Vlaams minister van Mobiliteit en Openbare Werken Lydia Peeters (Open VLD) heeft 750.000 euro ingeschreven in haar investeringsplan voor 2023 om een technische studie uit te voeren naar de zeewaartse uitbreiding van de Oostendse haven. Er zijn plannen om aan de oostelijke strekdam een kaaimuur te bouwen met vlakke terminal om aan die vraag te voldoen. De haven van Oostende heeft nood aan bijkomende capaciteit om haar positie te behouden.

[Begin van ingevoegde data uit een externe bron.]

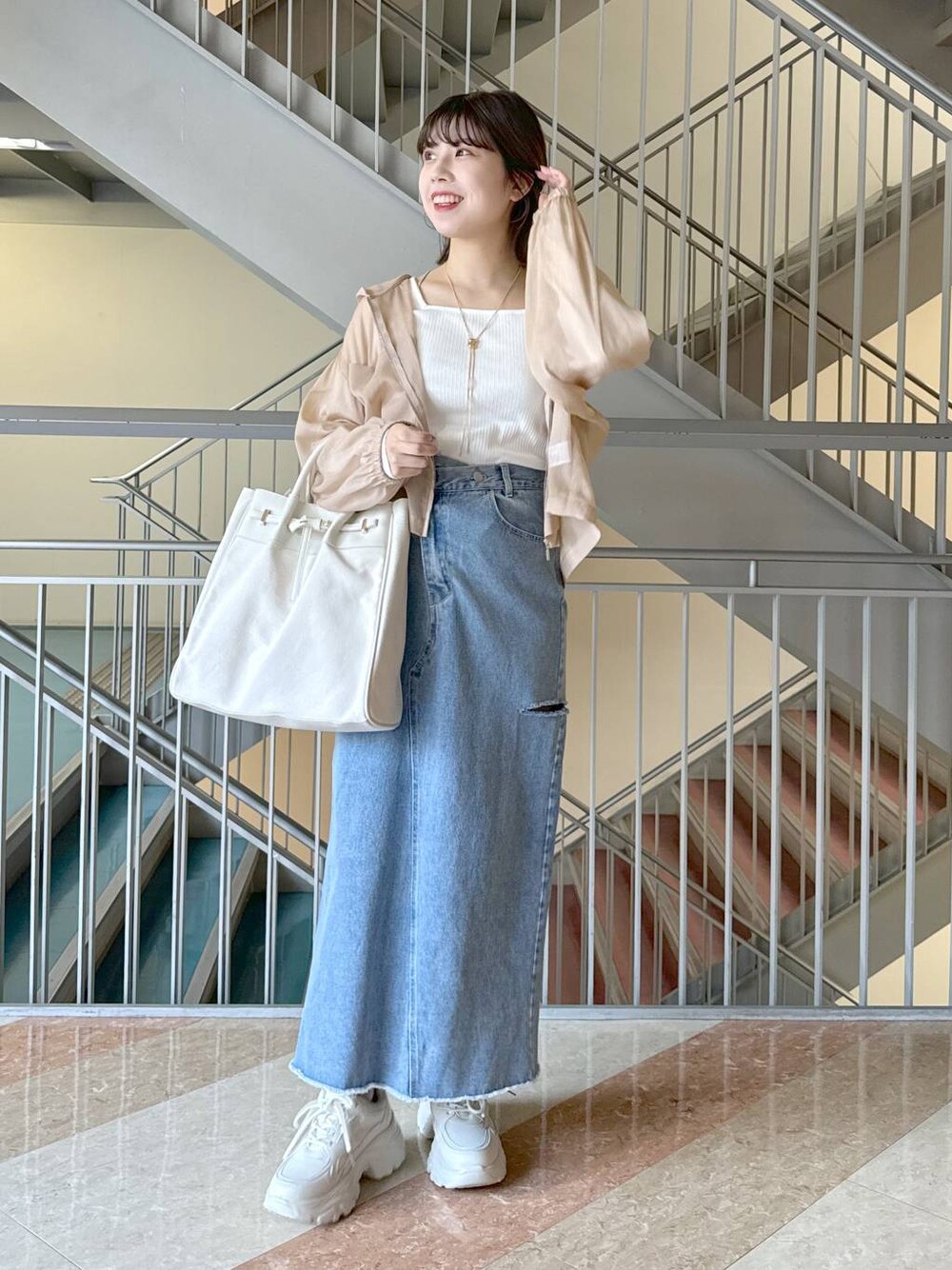 『淡色カジュアルコーデ』 ※2枚目の着用動画は明るさの加工なしです! 大人気のシアーパーカーが今年も登場♡ キラッとラメがある素材で、デニムを合わせるだけで トレンドなコーデです!🎶 アイテムの詳細は下記をご覧下さい! Instagramでは日常も♪ ▷▶▷ コーディネートのご相談なども、 インスタDMにてお返事させて頂いてます♡ 是非お気軽にご連絡ください📮♡ ----------------------------- 【トップス】(フリーサイズ) ・さらっと軽い生地なので、長い季節で着やすいです! ・ショート丈なので、合わせやすくスタイルup効果◎ ・トップスでも羽織でも使いやすいデザインです! ・どんなコーデにも馴染みやすいトップス♡ ・冷房対策や日差し避けとしても活躍間違いなし!! 【インナートップス】(フリーサイズ) ・スクエアネックとクルーネックの2wayで着て頂けます! ・程良くフィットする着心地で、カーディガンやキャミワンピースのインナーとしてもおすすめです♡ ・ジャケットの中などに着て合わせるのもオススメ! 【スカート】(フリーサイズ) ・スカートなのでカジュアルになりすぎず着やすいです! ・サイドのスリットはさりげなく抜け感がでます♪ ・ウエストはアシメデザインなので、トップスをインしたりショート丈のもので合わせるとポイントになります! ・ウエストはゆとりのあるサイズ感です◎

België bevestigde al eerder zijn positie tussen de wereldleiders als het gaat over het geïnstalleerd vermogen van offshore windenergie. Dit is te danken aan REBO, Renewable Base Oostende, een volle dochteronderneming van de Oostendse haven. Dit maakt van Haven Oostende momenteel dé logistieke offshore wind-hub van het zuidelijke deel van de Noordzee. In totaal zijn er nu 399 windturbines geplaatst in het Belgische deel van de Noordzee, goed voor een directe tewerkstelling van circa 800 voltijdse equivalenten in Oostende. Heel wat internationale topbedrijven actief in de bouw, het onderhoud en het operationeel houden van de energieproductie, zijn gevestigd in Oostende. Het gebruik van de zwaarlastterminal REBO was hierbij essentieel.

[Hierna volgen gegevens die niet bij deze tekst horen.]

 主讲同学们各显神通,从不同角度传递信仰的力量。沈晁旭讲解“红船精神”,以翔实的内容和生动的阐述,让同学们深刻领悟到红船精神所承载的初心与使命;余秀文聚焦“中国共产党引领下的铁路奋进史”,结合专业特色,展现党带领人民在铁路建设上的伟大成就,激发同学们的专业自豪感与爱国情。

Begin 2022 besliste federaal minister van Noordzee Vincent Van Quickenborne (Open VLD) in overleg met federaal minister Tinne Van der Straeten (Groen) om de totale offshorewindcapaciteit van 2.2 GW naar 5.8 GW te verhogen via de bouw van nieuwe windmolens in de Prinses Elisabeth-zone voor de kust van De Panne. Tegelijkertijd staat de bouw van het energie-eiland, dat op een efficiënte manier over landen heen stroom moet uitwisselen, op stapel. Vlaams minister van Mobiliteit en Openbare Werken Lydia Peeters heeft in haar investeringsplan voor 2023 750.000 euro voorzien om de afdeling Maritieme Toegang toe te laten om een technische studie uit te voeren naar de uitbreiding van de Oostendse haven.
Extra kaaimuur en terminal
“Om haar positie te behouden hebben zowel Vlaanderen als Haven Oostende nood aan bijkomende capaciteit. Er zijn plannen om aan de oostelijke strekdam een kaaimuur te bouwen met vlakke terminal om aan deze vraag te voldoen. Die kaaimuur moet grotere schepen kunnen verwelkomen, die instaan voor de ontwikkeling en het onderhoud van de windmolenparken op zee”, aldus minister Peeters. “We blijven daarnaast ook inzetten op het verbeteren van de toegankelijkheid tot de haven en het beter beschermen van de stad Oostende tegen overstromingen.”
In die context deed Haven Oostende de voorbije twee jaar al een milieu-impactstudie, waaruit blijkt dat er geen negatieve effecten zijn. Daarnaast werd eveneens een stromingsanalyse en een Maatschappelijke Kosten-Batenanalyse (MKBA) uitgevoerd. De milieueffectenrapportering is voorzien om in de eerste helft 2023 klaar te zijn.